• The GBPUSD pair remains in a strong downtrend with a chance of a short-term rally.


  • The Fed left interest rates unchanged as expected at the last meeting.
  • The macroeconomic projections were revised higher as the economy showed much stronger resilience than expected and the Dot Plot showed that the majority of members still expects another rate hike by the end of the year with less rate cuts in 2024.
  • Fed Chair Powell reaffirmed their data dependency but added that they will proceed carefully as they are trying to find the optimal level of rates. Powell also added that the soft landing is not the base case at the moment, although they are aiming for it.
  • The latest US Core PCE came in line with expectations with disinflation continuing steady.
  • The labour market displayed signs of softening although it remains fairly solid as seen also last week with a strong beat in Jobless Claims and this week with the beat in Job Openings.
  • The ISM Manufacturing PMI beat expectations while the ISM Services PMI came in line with forecasts in another sign that the US economy remains resilient.
  • The miss in the ADP report yesterday led to some USD weakness which might continue if the data in the next couple of days misses as well.
  • The market doesn’t expect the Fed to hike again at the moment.

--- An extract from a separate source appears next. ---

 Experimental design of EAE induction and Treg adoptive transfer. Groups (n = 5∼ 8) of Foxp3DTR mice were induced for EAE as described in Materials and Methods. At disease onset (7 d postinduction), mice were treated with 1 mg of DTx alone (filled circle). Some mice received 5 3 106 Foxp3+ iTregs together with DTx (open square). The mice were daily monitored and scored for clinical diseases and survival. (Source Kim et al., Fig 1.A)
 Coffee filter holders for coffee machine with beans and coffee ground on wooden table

  • The BoE kept interest rates unchanged at the last meeting.
  • The central bank is leaning more towards keeping interest rates “higher for longer” but it kept a door open for further tightening if inflationary pressures were to be more persistent.
  • Key economic data like the latest employment report showed a very high wage growth despite the rising unemployment rate, but the latest UK CPI missed expectations across the board.
  • The latest UK PMIs showed further contraction, especially in the Services sector.
  • The market doesn’t expect the BoE to hike anymore.

GBPUSD Technical Analysis – Daily Timeframe

On the daily chart, we can see that the GBPUSD pair pulled back yesterday into the blue 8 moving average where it’s finding some resistance. From a risk management perspective, the sellers would have a much better risk to reward setup if the price pulled back all the way up to the 1.2398 resistance where we can find the confluence with the trendline, the 38.2% Fibonacci retracement level and the red 21 moving average. The buyers, on the other hand, will need the price to break above the trendline to turn the trend around.

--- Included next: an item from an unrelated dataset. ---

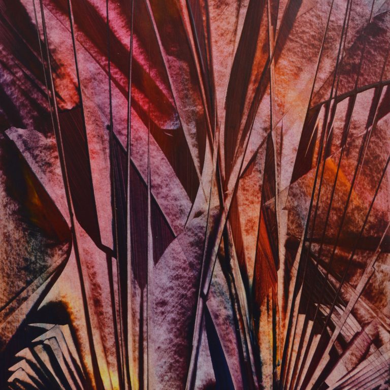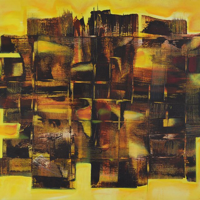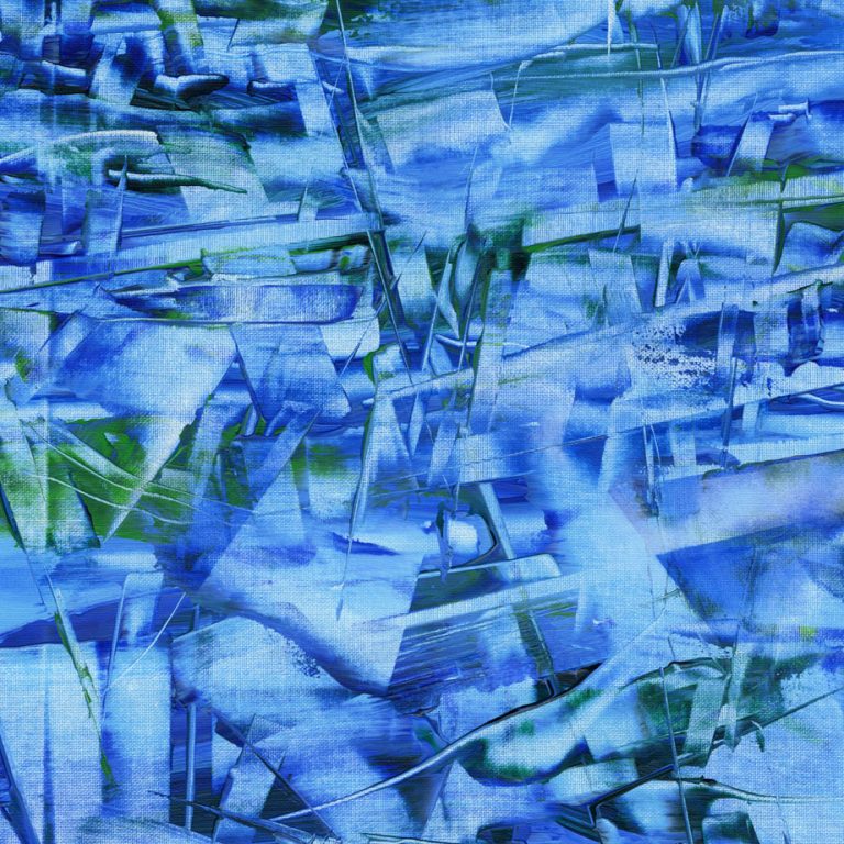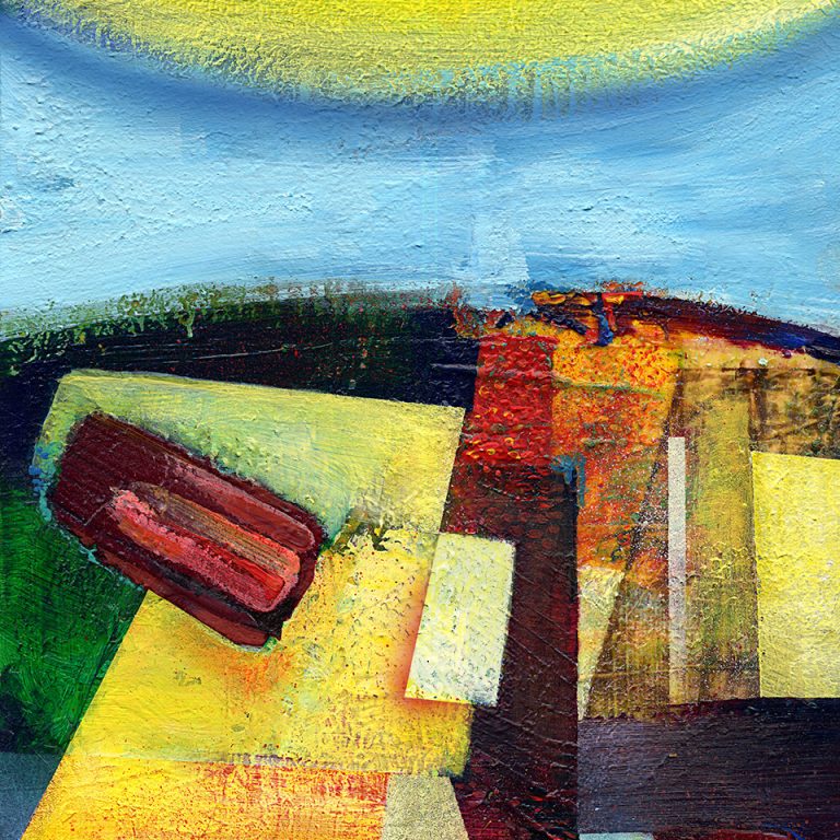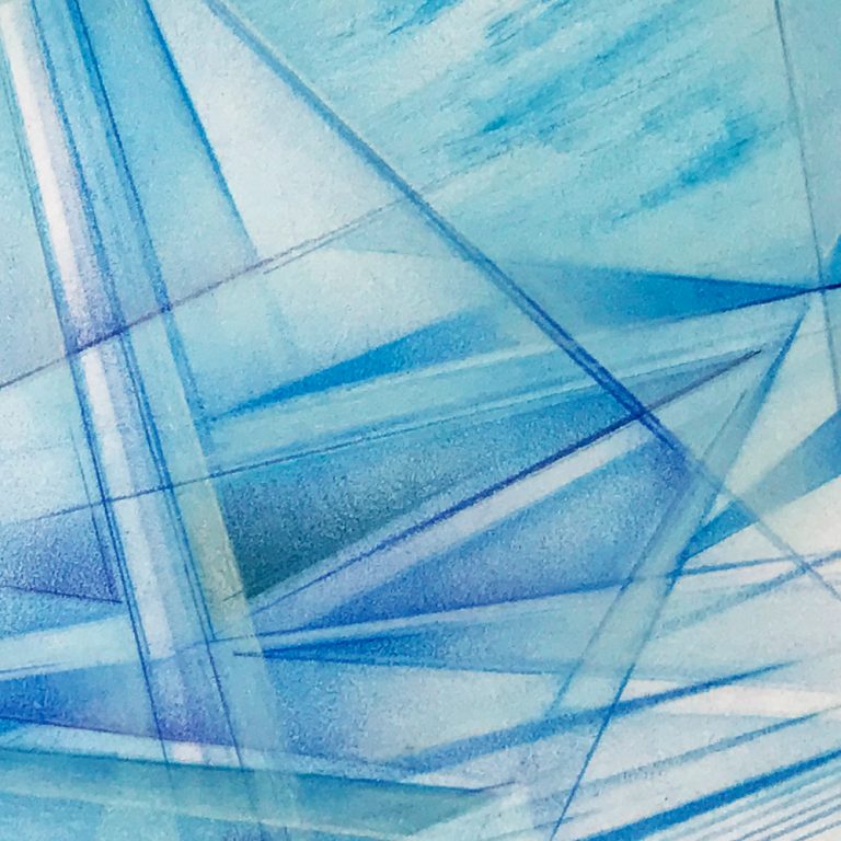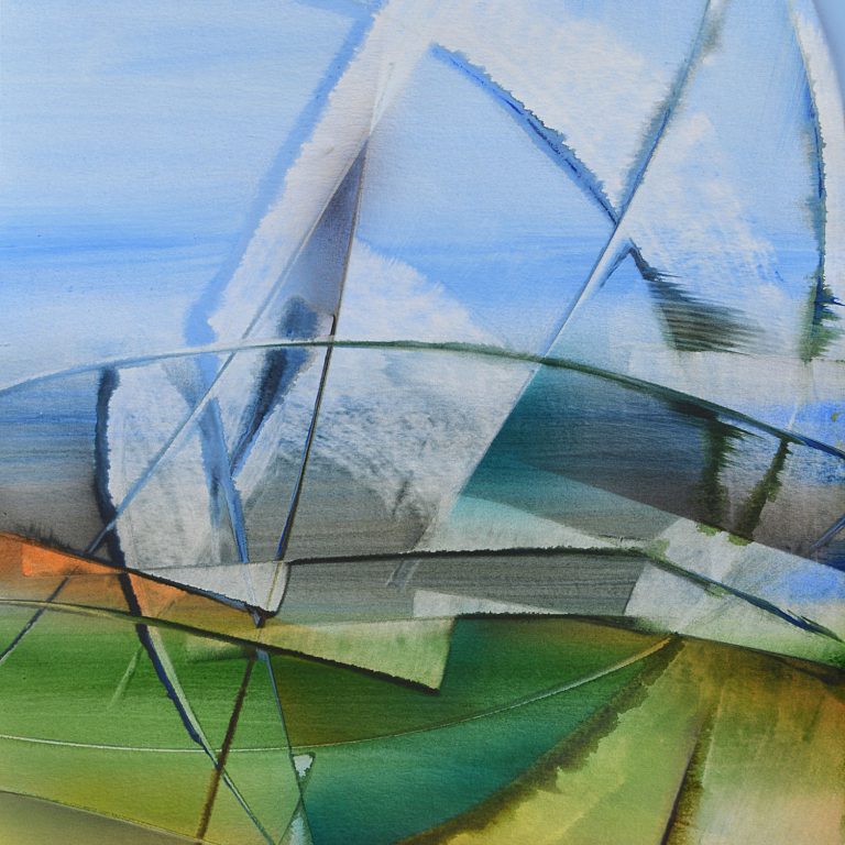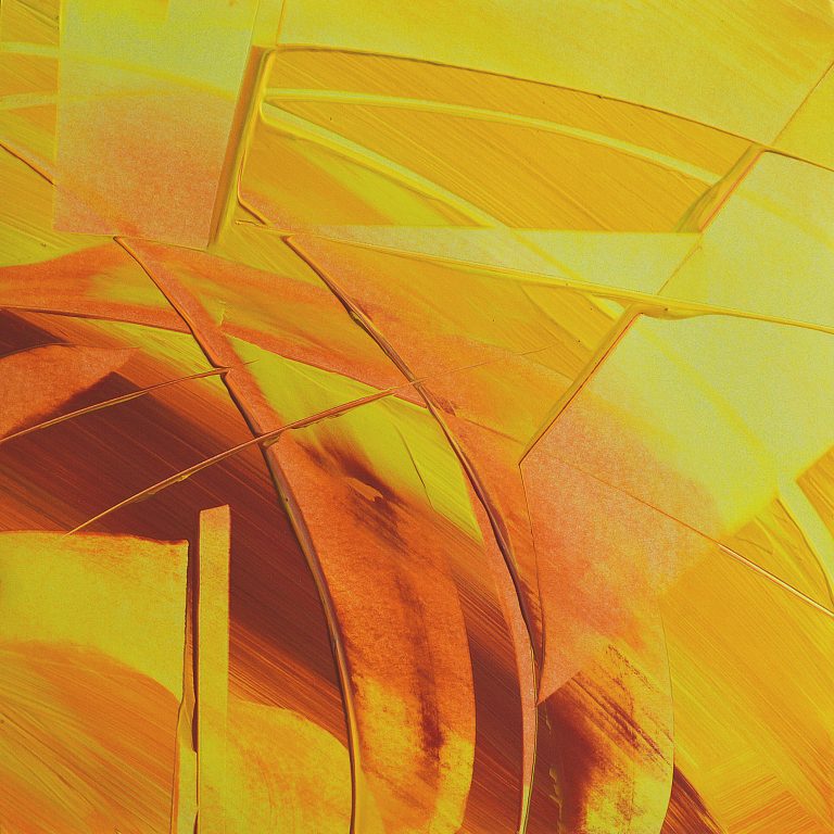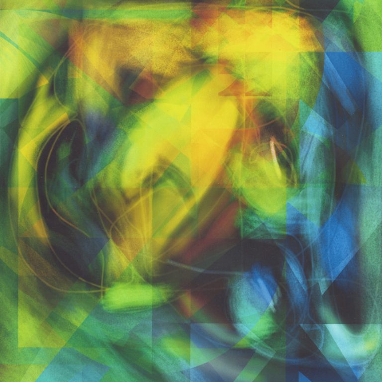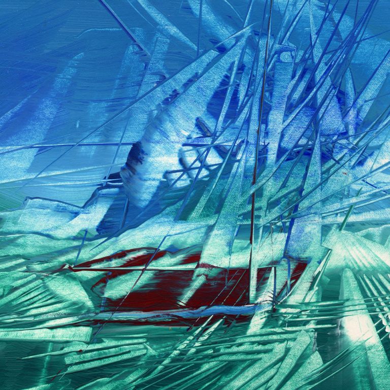 Partant d‘un “jus” léger, j’apporte touche par touche une construction “abstractisante” des volumes pour formaliser les objets virtuels de la composition.

GBPUSD Technical Analysis – 4 hour Timeframe

On the 4 hour chart, we can see that the latest leg lower diverged with the MACD which is generally a sign of weakening momentum often followed by pullbacks or reversals. In this case, we got a pullback into the minor trendline around the 1.2180 level where we can also find the Fibonacci retracement levels. The price started to struggle here as the sellers are stepping in with a defined risk above the trendline and positioning for more downside. The buyers will need the price to break above the trendline to pile in with greater conviction and target the resistance around the 1.2308 level.

GBPUSD Technical Analysis – 1 hour Timeframe

On the 1 hour chart, we can see that the market structure on this timeframe is bullish as the price made a new higher high yesterday. The buyers are likely to pile in around the 1.2100 support with a defined risk below it to target a break above the trendline and ultimately the 1.2308 resistance. More conservative buyers may want to wait for the price to take out the trendline first before joining the rally. The sellers, on the other hand, will want to see the price breaking below the 1.2100 support to position for further downside and new lows.

Upcoming Events

Today we have the Jobless Claims report, which continues to show a solid labour market and given the reaction to the miss in the ADP yesterday, we can expect a rally in case of a miss and a drop in case of a beat. Tomorrow, it will be the time for the NFP report which is the only one the Fed will see before its next rate decision.